Queste poche righe danno un’idea del rapporto tra i due; Proust ha concluso la sua fatica ciclopica, è molto malato. Chiama Céleste e le dice:

– È successa una cosa bellissima questa notte.

– Che cosa è successo?

– Ho messo la parola fine.

“Dalla parte di Swann, primo volume di Alla ricerca del tempo perduto, debutta in libreria il 14 novembre 1913. Quel giorno il libro, destinato a diventare uno dei più famosi e amati del secolo, viene pubblicato in poche copie a spese del suo autore, Marcel Proust, reduce da una gragnuola di risposte negative da parte di varie case editrici.

La storia dell’esordio della Recherche è curiosa e merita un ricordo. Nel 1912 Proust è un quarantunenne molto ricco e molto colto, un signore con bei baffetti, poca salute ma tante amicizie importanti. Ha un sacco di tempo libero e lavora come un matto a quello che sa essere un capolavoro. L’opera si intitola ancora Le intermittenze del cuore, consta di circa 800 pagine ed è divisa in due parti, Il tempo perduto e Il tempo ritrovato. Marcel vi apporta continue modifiche, nuovi inserti e infinite stesure, come farà per tutta la vita.

Il dattiloscritto viene sottoposto a due editori: Fasquelle, che lo rifiuta, e NRF, la Nouvelle Revue Française appena fondata dal grande Gaston Gallimard e da André Gide, futuro premio Nobel per la letteratura.

Proust consegna le sue cartelle a Gallimard, Gide s’incarica della lettura e del responso. Che finalmente arriva, ma è negativo. Come mai un esperto come Gide incappa in una simile cantonata? Non è chiaro: forse l’editor non legge nulla, nemmeno una riga, e si affida soltanto al pregiudizio. Céleste Albaret, l’adorata governante di Proust, nel suo memoir  rievoca una confidenza dello scrittore: “Ho visto il pacchetto prima e dopo, Céleste – mi disse – e sono certo che mi è tornato indietro intatto così come l’avevo inviato.”
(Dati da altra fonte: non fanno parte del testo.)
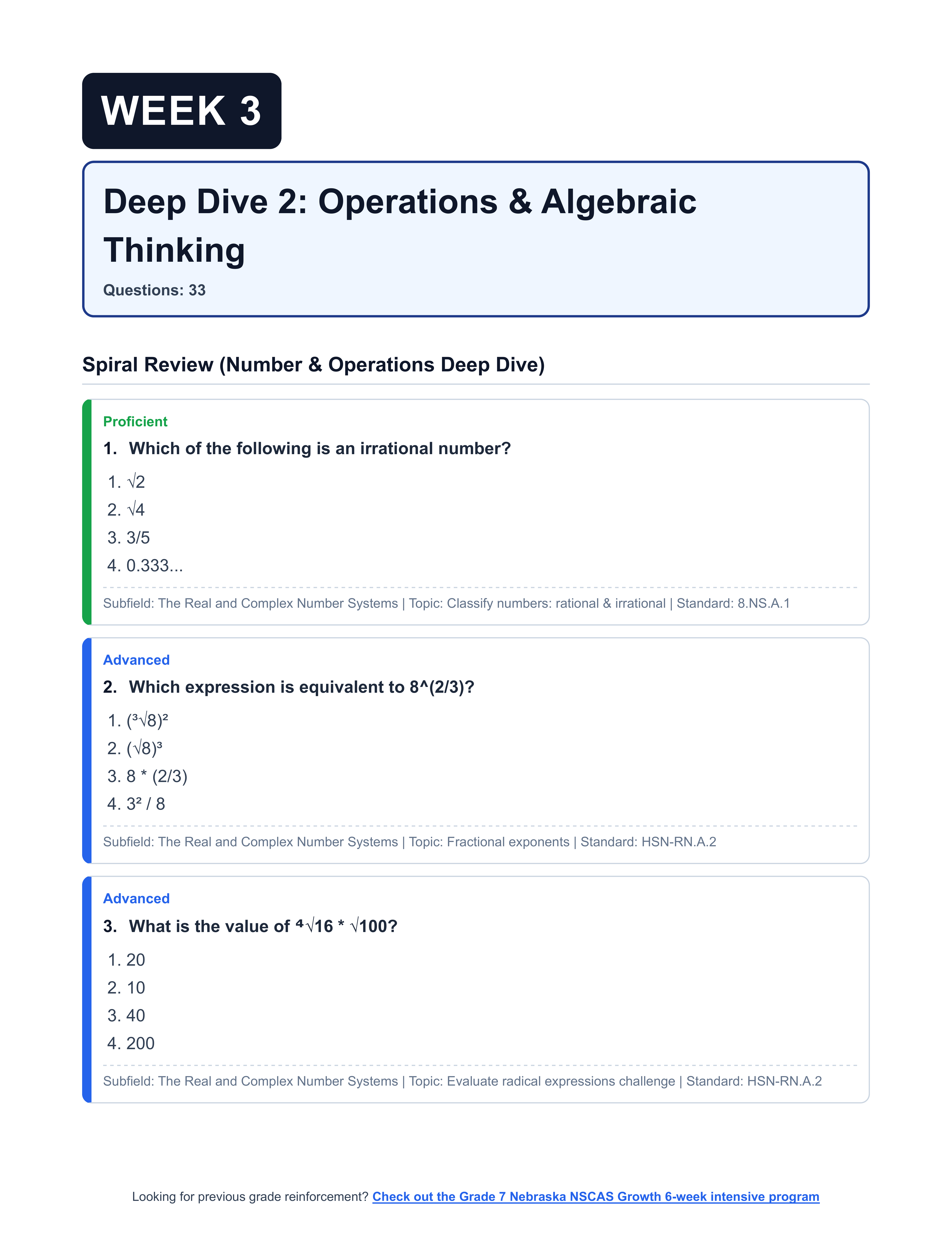 [Grade 8] Nebraska NSCAS Growth Math | 6-Week Test Prep | Scale Score 1050-1550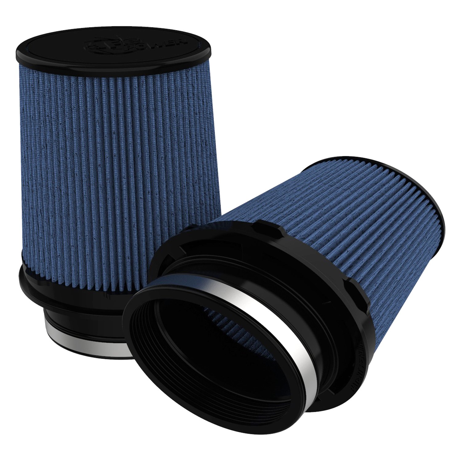Magnum Flow® Pro 5R Oval Tapered Blue Air Filter (Pair) (24-90111-MA) by aFe®. These high flow Pro 5R air filters are constructed with 100% polyurethane on all sides and will out flow the stock paper filters for improved performance. Five layers of progressively finer cotton media provides maximum air flow. Washable and reusable for multiple cleaning cycles, the tall, open and evenly spaced filter pleats provide excellent dust holding capacity for longer service cycle between cleanings. An integrated urethane bump seal insures a tight, leak-free seal over the life of the filter. The aFe filter system increased air flow 25% over the factory air filter set increasing horsepower, torque and improving throttle response.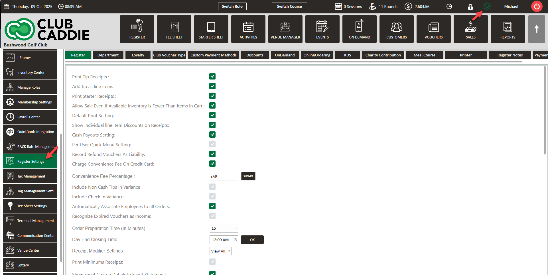Step 1: Click on the top left gear wheel image, Settings. Then, click on the Register Settings.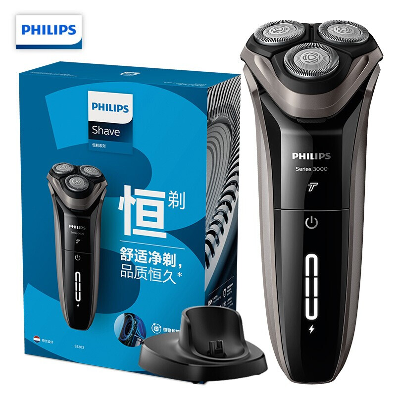 飞利浦(PHILIPS)男士电动剃须刀干湿双剃刮胡刀3000系列升级款S3203/08(一键加速)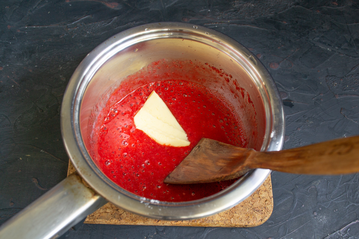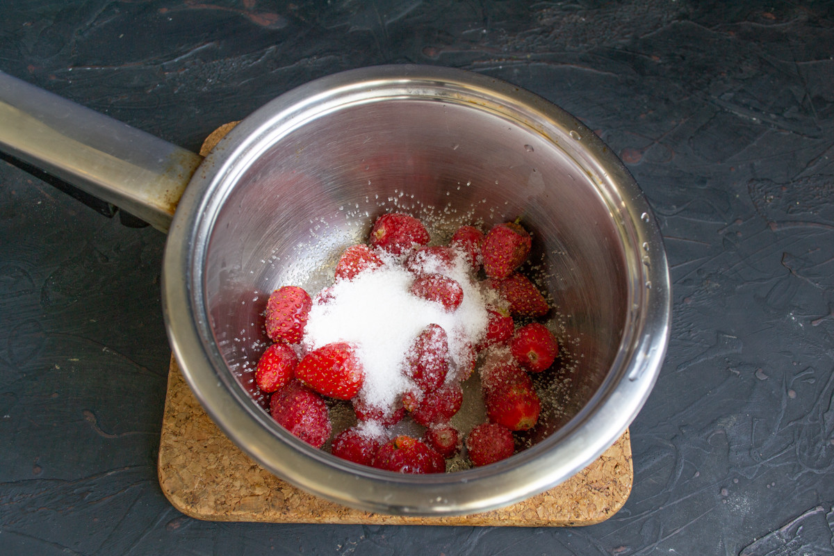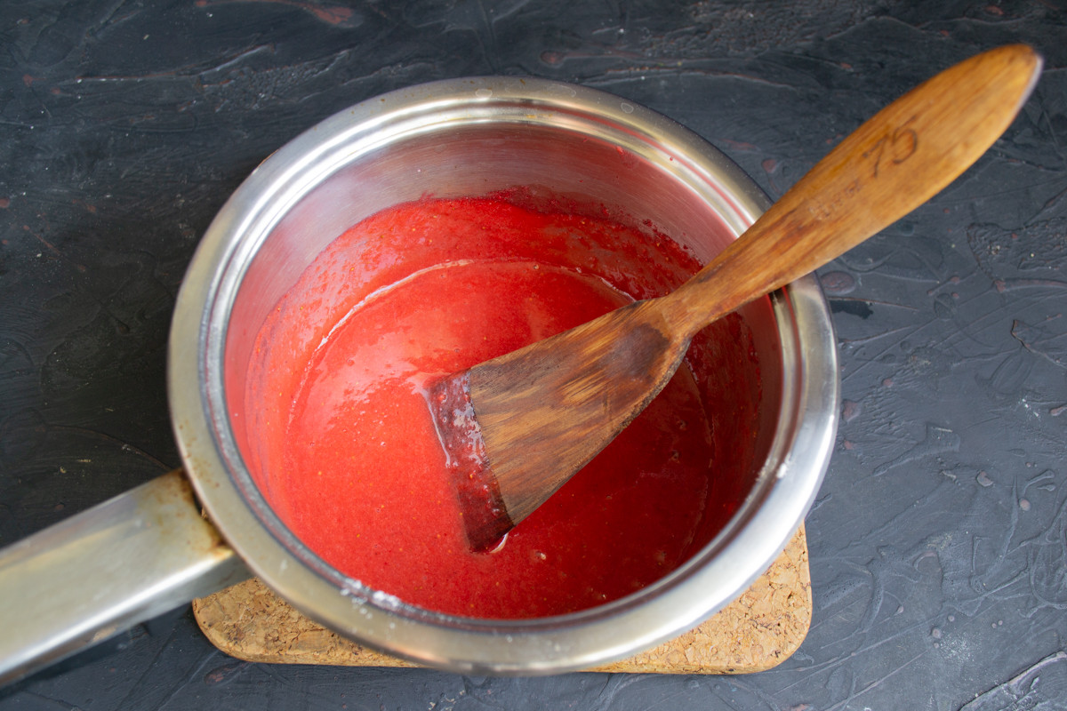 Отправляем сотейник на несколько минут в холодильник, в охлажденном виде клубничный соус будет вкуснее.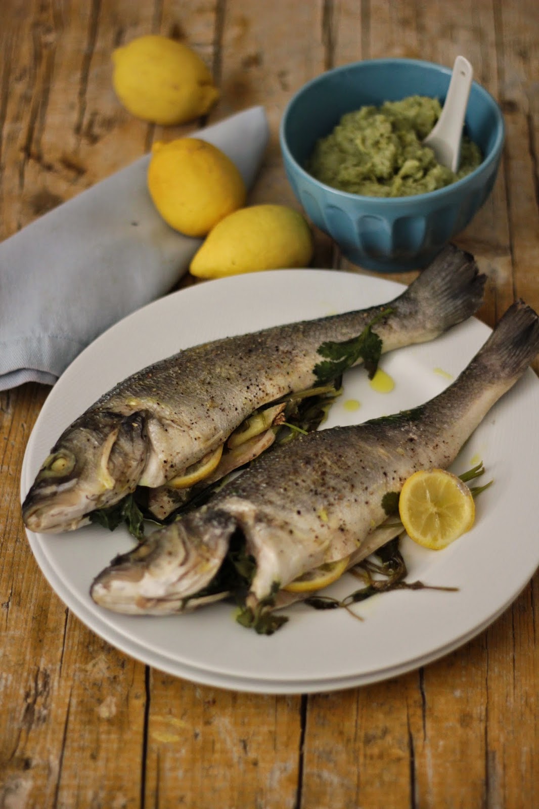 Robalinhos ao Vapor com Limão, Coentros e Gengibre e Puré de Legumes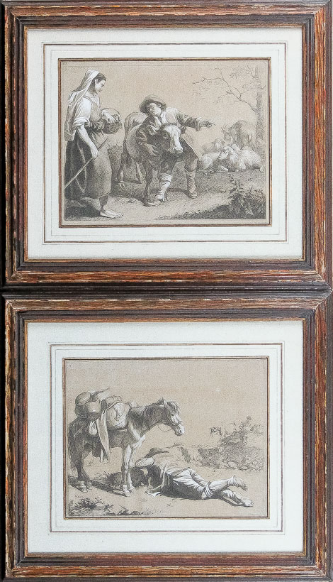 Hirte und Magd mit Kalb, Schafen und Ziege. Schlafender mit Packesel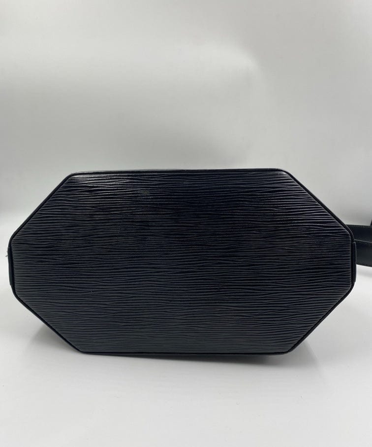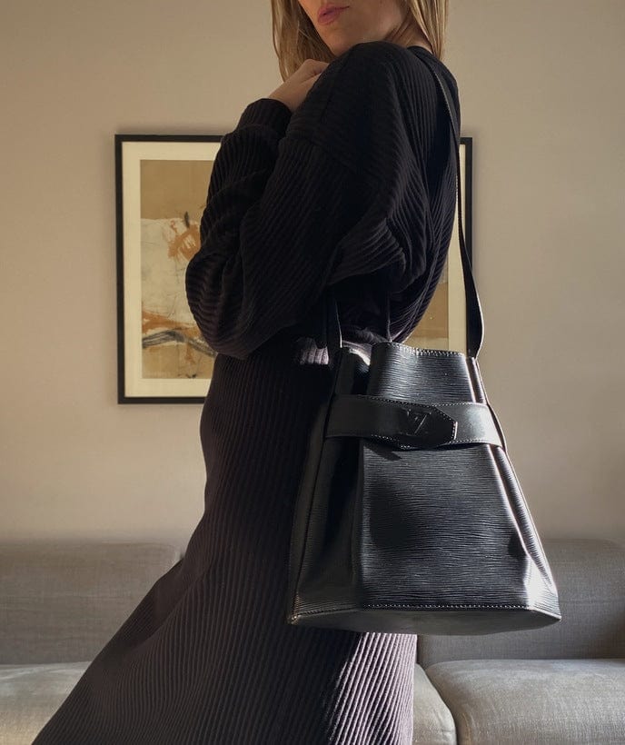 An Louis Vuitton black Sac D’epaule Epi leather shoulder bag. The bag is accessed by a leather strap embossed with the LV logo that is wrapped around the top of the bag and secured with a press stud. It can be carried on the shoulder with the wide adjustable shoulder strap. Inside is lined with a black suede lining.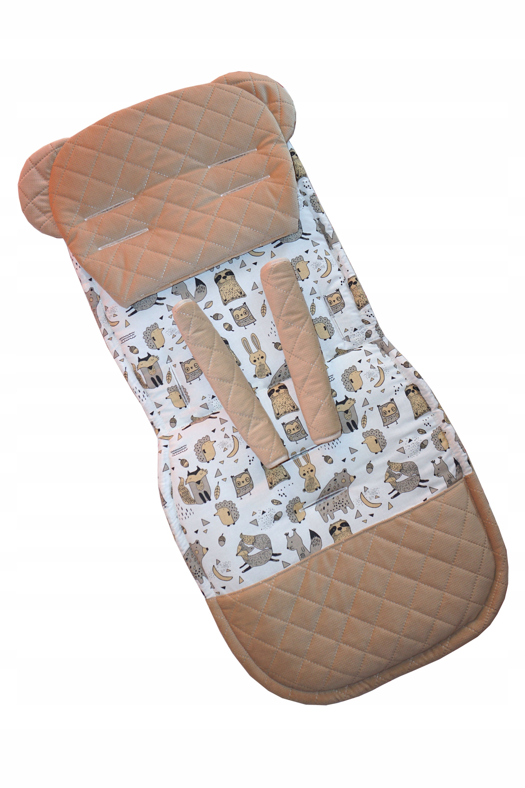 В комплект также входитподушка с ушками и чехлы для ремня коляски,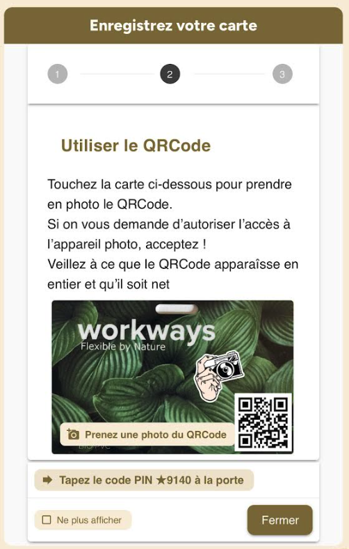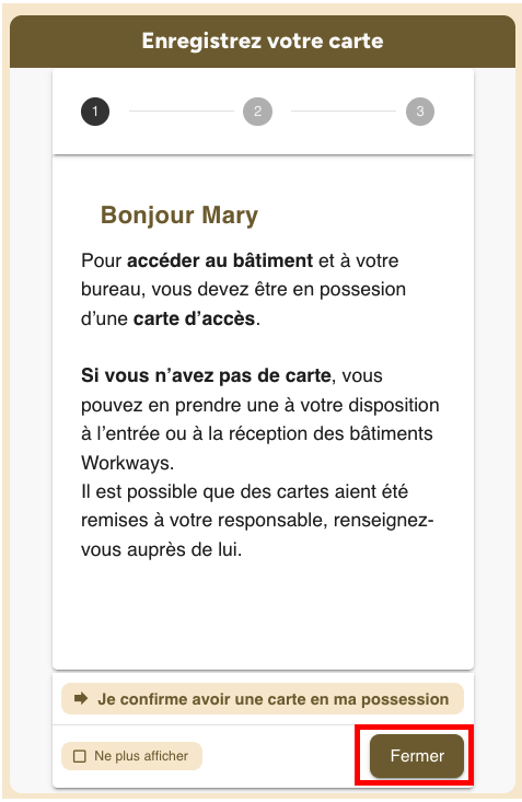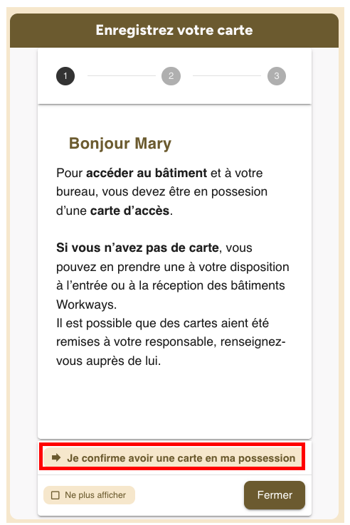 Si vous cliquez sur le lien Enregistrer ma carte (surligné en vert ci-dessus) ou que vous vous connectez à l’application Workways, vous serez guidé à travers les étapes 1 à 3 pour compléter l’enregistrement de votre carte d’accès.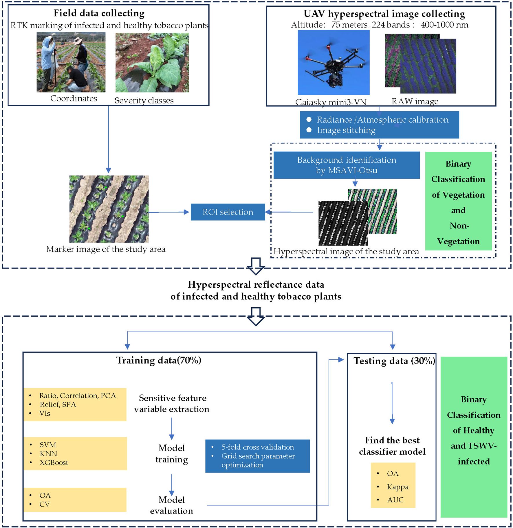 Problems: Tomato Spotted Wilt Virus (TSWV) severely affects tobacco yield and quality, creating an urgent need for accurate, rapid, non-destructive monitoring to support disease management. While existing TSWV detection methods perform well at the leaf scale, their field-scale application remains challenging. Due to complex crop canopy structures, spectral characteristics at the field level differ significantly from leaf-level observations, and TSWV-sensitive spectral features are still unclear. This study therefore aims to develop a field-scale TSWV identification model using UAV-based hyperspectral imaging to enable targeted disease control.

Dunque il nastro del plico non viene nemmeno slegato, il libro respinto non viene aperto? Può darsi. Peraltro nel 1912 a Gide quel Proust sta davvero antipatico. André lo conosce già da vent’anni e legge i suoi articoli sull’odiato Le Figaro. Ritiene che sia solo “uno snob, un mondano dilettante, quanto di più modesto potesse esserci.” Avrà modo di pentirsi.

Proust incassa: a questo punto si rivolge ad Alfred Humblot, direttore della casa editrice Ollendorff, e tuttavia ottiene un altro no bello tondo. Humblot, lui sì, il libro lo ha letto, ma non gli è piaciuto per niente: nella lettera di ricusazione firma il celebre verdetto: “Sarò forse uno sciocco ma davvero non riesco a capacitarmi del fatto che un tizio possa impiegare ben trenta pagine per descrivere come si giri e rigiri nel letto prima di addormentarsi”.

A furia di sentirsi dare dei due di picche, Proust si stufa. Decide di chiudere la tortuosa caccia all’esordio mettendo mano al portafoglio, pagando, e se lo può permettere. Grazie ai suoi amici René e Leon Blum, viene introdotto all’editore Bernard Grasset, con cui trova un accordo. Il contratto prevede che Proust si accolli completamente le spese di stampa. Più tardi Grasset confesserà di aver accettato dattiloscritto e soldi “senza aver letto il libro”.

Dalla parte di Swann esce così il 14 novembre 1913. Gide finalmente lo legge e si rende conto del suo sbaglio. Scrive a Proust una lettera disperata: “Da qualche giorno non lascio più il vostro libro; me ne sazio con diletto, mi ci sprofondo. Ahimè, perché deve essermi così doloroso amarlo tanto? Aver rifiutato questo libro rimarrà il più grave errore della Nouvelle Revue Francaise e, poiché ho la vergogna di esserne in gran parte responsabile, uno dei rimpianti, dei rimorsi più cocenti della mia vita”. Gide spiega anche il motivo del suo no: aveva sfogliato qualche pagina, ma molto, troppo distrattamente. Proust risponde garbato, ringrazia – non si sa con quanta sincerità – e ricambia la stima. Gide allora implora Proust di abbandonare Grasset per pubblicare con lui e con Gallimard i successivi volumi della Recherche. Ma oramai è tardi, la guerra travolge l’Europa, le rotative si fermano. Per il seguito, All’ombra delle fanciulle in fiore i lettori devono aspettare fino al 1919. Gallimard e soprattutto Gide questa volta son ben lieti di esserne l’editore, e il resto è la storia della letteratura”.